-------- Data
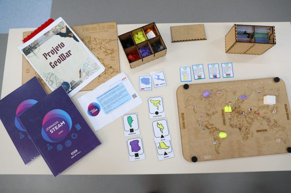 O artigo apresenta o GeoWar, um jogo de tabuleiro desenvolvido no Espaço Maker da escola, que utiliza a gamificação para estimular o aprendizado de Geografia. Com peças confeccionadas pelas próprias alunas, o projeto nasceu como uma ferramenta didática para facilitar a compreensão do espaço geográfico mundial e rapidamente ganhou repercussão dentro e fora da unidade.
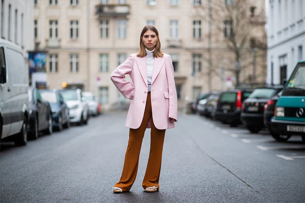 Рожевий жакет + коричневі штани — стильне поєднання цього сезону
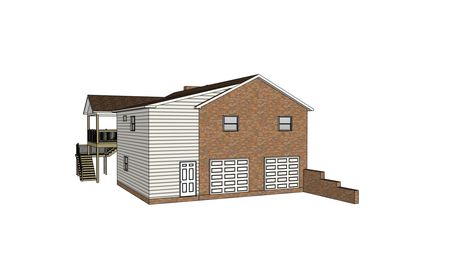 show the house in the curve of the road that goes behind and to the right side mature trees in the back and left side basement in front with asphalt driveway view to right with mountains in the distance left side has lap siding and the right has orange brick windows are white grass on the left and right side
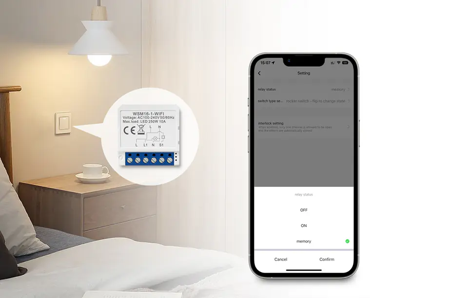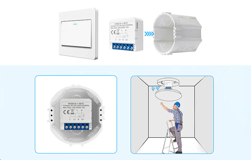 Dzięki kompaktowej konstrukcji model WSM16-W2 jest kompatybilny z różnymi rodzajami przełączników i pasuje do nawet 95% puszek instalacyjnych dostępnych na rynku. Możesz też przymocować go do lampy. Jego montaż nie sprawi Ci żadnego problemu ani nie zajmie zbyt wiele czasu. Co więcej, istnieje możliwość wykorzystania 2 przełączników do obsługi jednej lampy – takie rozwiązanie sprawdzi się na przykład w pobliżu schodów. Dzięki temu wygodnie zapalisz światło na parterze, a zgasisz je po wejściu na piętro!
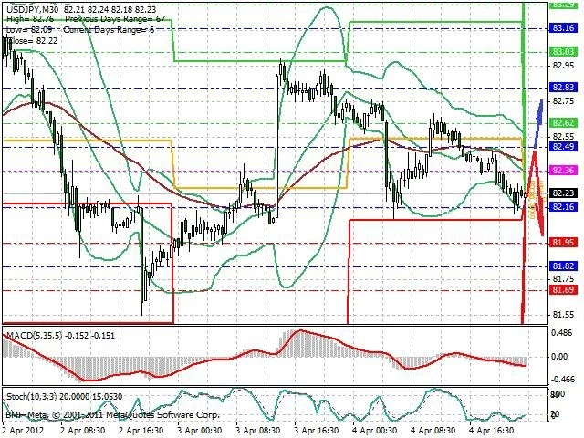 Předpokládaný pohyb pro dnešní den SHORT. Případné vstupy do obchodu z hladiny 82.45 s předpokládaným cílem 82.05, případně až 81.85. Proražení hladiny 82.5 může vést k pohybu s pravděpodobným cílem 82.75 až 83.
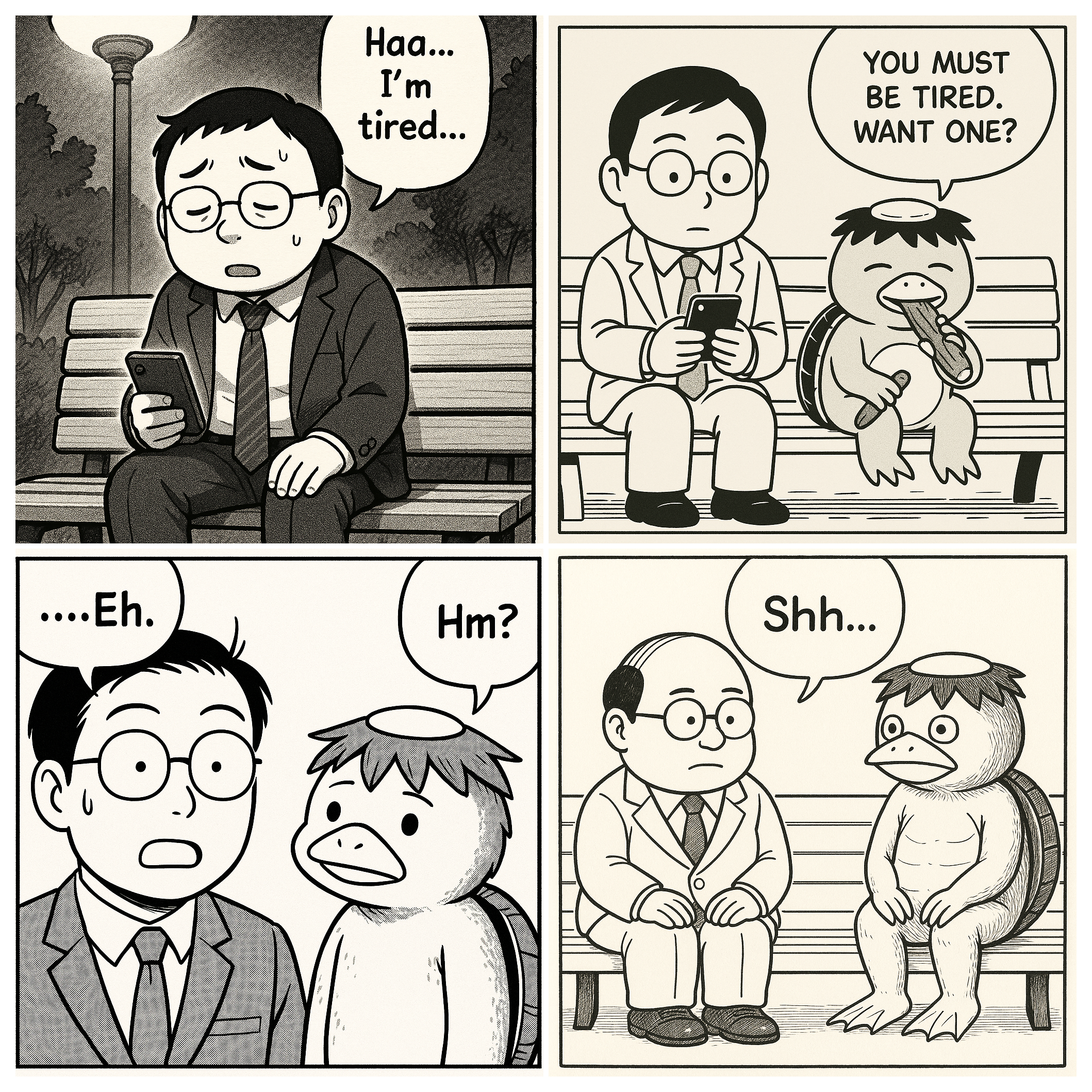 ChatGPTは、4コマ漫画が嫌いなのか、超手抜きっぽい感じです。
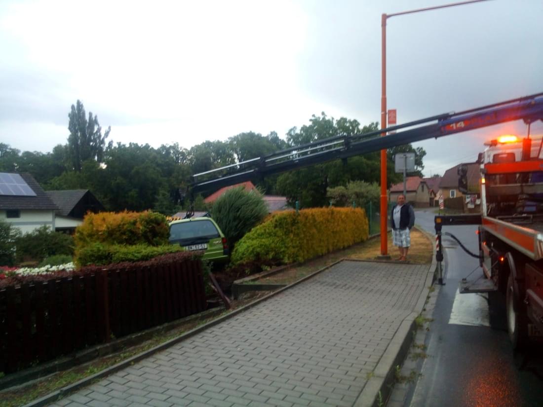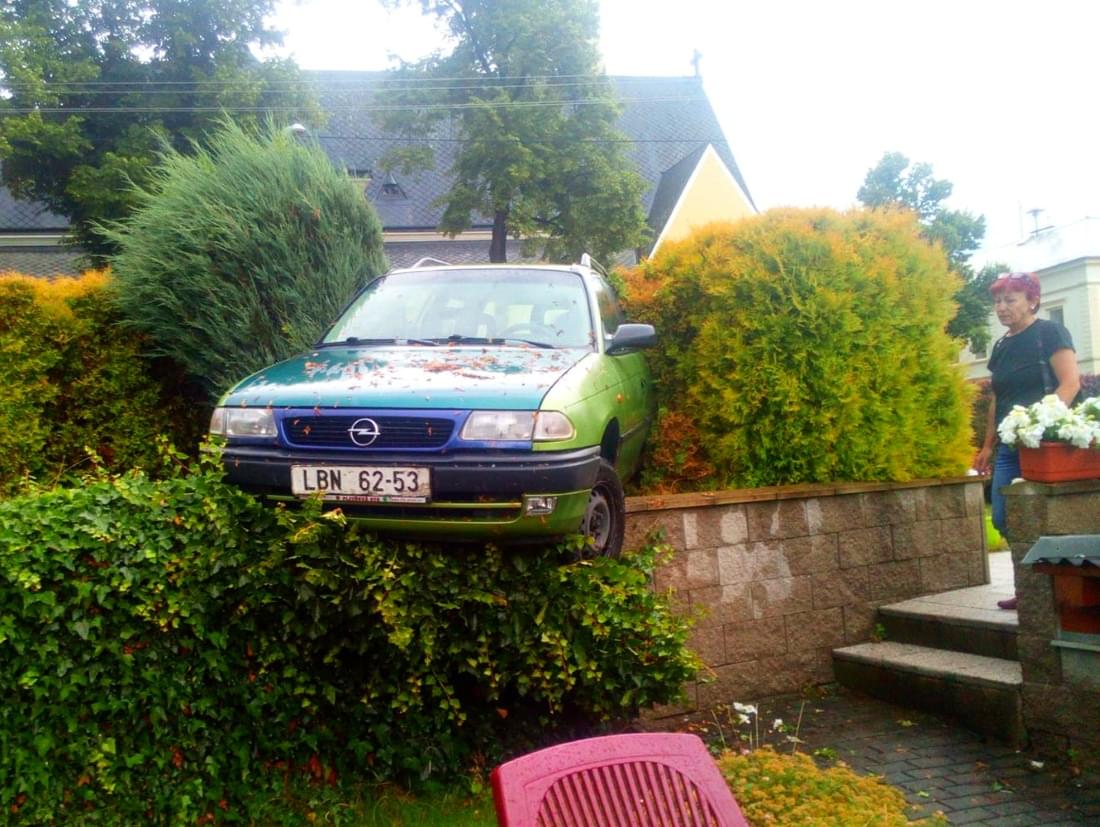 Událost byla s řidičkou vyřešena příkazem na místě, vůz musela z tújí vyprostit odtahová služba.
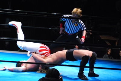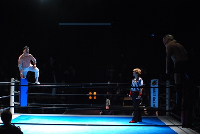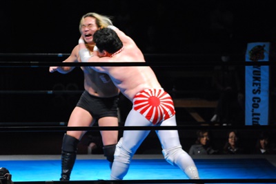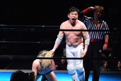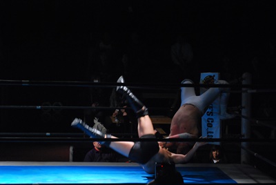 菊地は大家を花道に出して(右写真)ブレーンバスター。
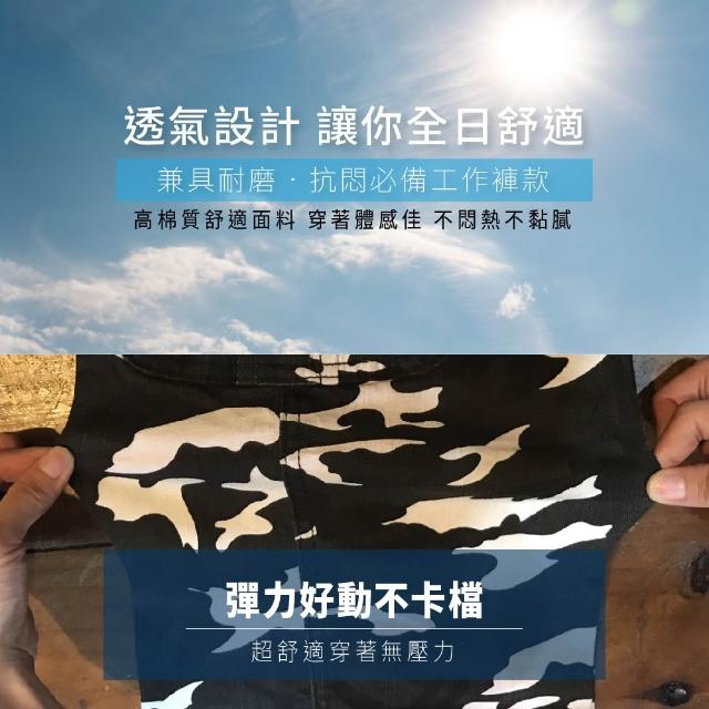 重磅迷彩多口袋 彈性厚實休閒工作褲-迷彩黑/迷彩綠
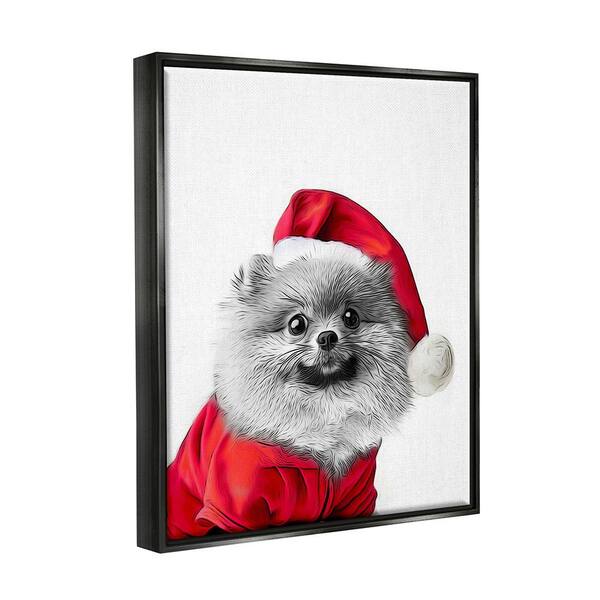 Pomeranian in Santa Hat by Annalisa Latella 1-Piece Floater Frame Graphic Print Animal Poster Art Print 21 in. x 17 in.
----------------
About this task → Above are the records; return the lines in them from the one with "Dzięki kompaktowej konstrukcji" to the one with "重磅迷彩多口袋 彈性厚實休閒工作褲-迷彩黑/迷彩綠", inclusive, exactly and without images.

Written solution →
 Dzięki kompaktowej konstrukcji model WSM16-W2 jest kompatybilny z różnymi rodzajami przełączników i pasuje do nawet 95% puszek instalacyjnych dostępnych na rynku. Możesz też przymocować go do lampy. Jego montaż nie sprawi Ci żadnego problemu ani nie zajmie zbyt wiele czasu. Co więcej, istnieje możliwość wykorzystania 2 przełączników do obsługi jednej lampy – takie rozwiązanie sprawdzi się na przykład w pobliżu schodów. Dzięki temu wygodnie zapalisz światło na parterze, a zgasisz je po wejściu na piętro!
 Předpokládaný pohyb pro dnešní den SHORT. Případné vstupy do obchodu z hladiny 82.45 s předpokládaným cílem 82.05, případně až 81.85. Proražení hladiny 82.5 může vést k pohybu s pravděpodobným cílem 82.75 až 83.
 ChatGPTは、4コマ漫画が嫌いなのか、超手抜きっぽい感じです。
 Událost byla s řidičkou vyřešena příkazem na místě, vůz musela z tújí vyprostit odtahová služba.
 菊地は大家を花道に出して(右写真)ブレーンバスター。
 重磅迷彩多口袋 彈性厚實休閒工作褲-迷彩黑/迷彩綠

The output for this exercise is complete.